想いを静かに、風に視線を泳がせる。日常の仕事のことが頭によぎる。せんないことが、ふいに浮かんでは消える。組織と個人のあいだで生じたふさがりに過ぎない。それは初めてのことではないし、これからも向き合うこともあるだろうし、いまはどれも、とるにたらないことのように思えてしまった。ここに来てよかった。すっきりさせたかったのだ、太陽の下で。

大空にはふたつの小さい白い点が、ゆっくり十字を切って交差した。ぶつかったりしないものだな。この瞬間を目の当たりにすることだって、随分偶然なことだったりするじゃないか。


桜の木のしたにお堂があって、いくつもの仏の姿に手をあわせ、賽銭を落とし、願った。ああ祈った。これでもかって念じた。最後に良縁を・・・、と思いこんだとたん、その後の茶屋からそわそわしはじめた。はらはらと散っていく桜は、いつまでも美しかった。

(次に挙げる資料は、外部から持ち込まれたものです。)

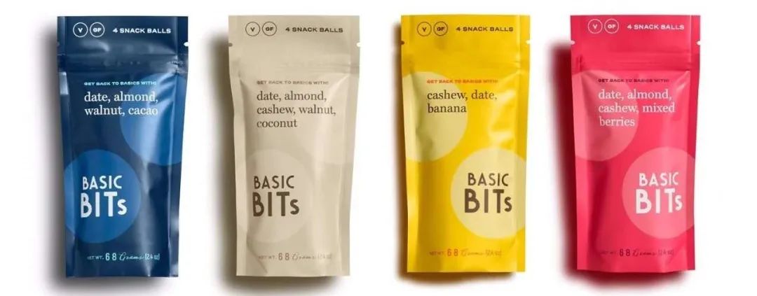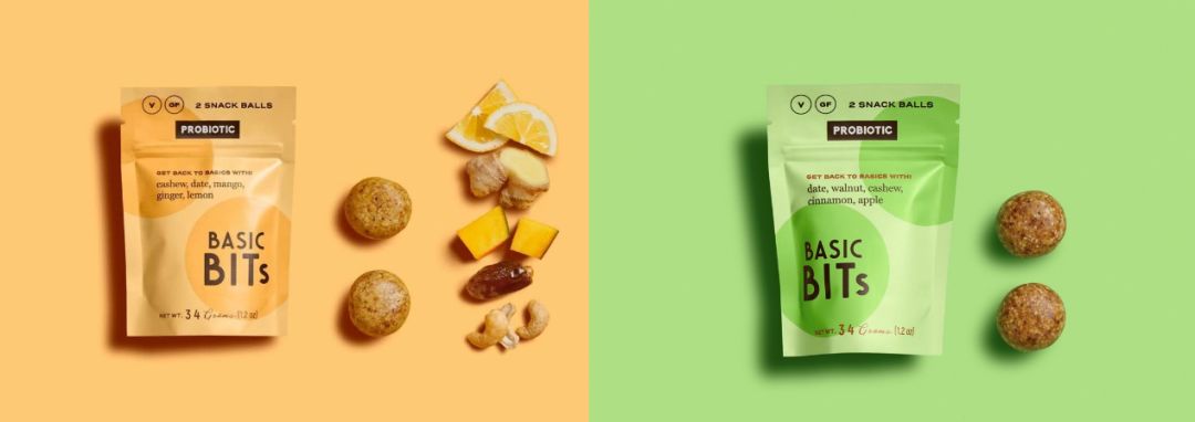 图片来源:Basic Bits官网 广告公司还为品牌拍摄了一组高度程式化的彩色照片,进一步强调了视觉概念。包装标识清晰明了,忠于品牌使命,用有序的,不紧不慢的态度准确的告诉你每个包装里有些什么。 在颜色的选择上,用基础调色盘中的颜色进一步加强了品牌返璞归真到基础成分的理念。该品牌的益生菌零食系列还衍生引入了一个二级调色板,大胆的颜色和简单的关键信息快速抓住消费者注意力。

帰路につく山形新幹線つばさの車窓から、まだ水のはられていない田園のあぜ道を、夕日のひかりがいっぱいに落ちていくなか。自転車をこぐ少年は、大地のうえをひとり、追っかけるように懸命にペダルをこいでいる。なにを想っているのだろうか、それともどんな歌を歌ったりしているのだろうか。そういえば、山頂でロッキーのテーマとか、べたにやっぱり今日は浮かんだりしていたんだっけ。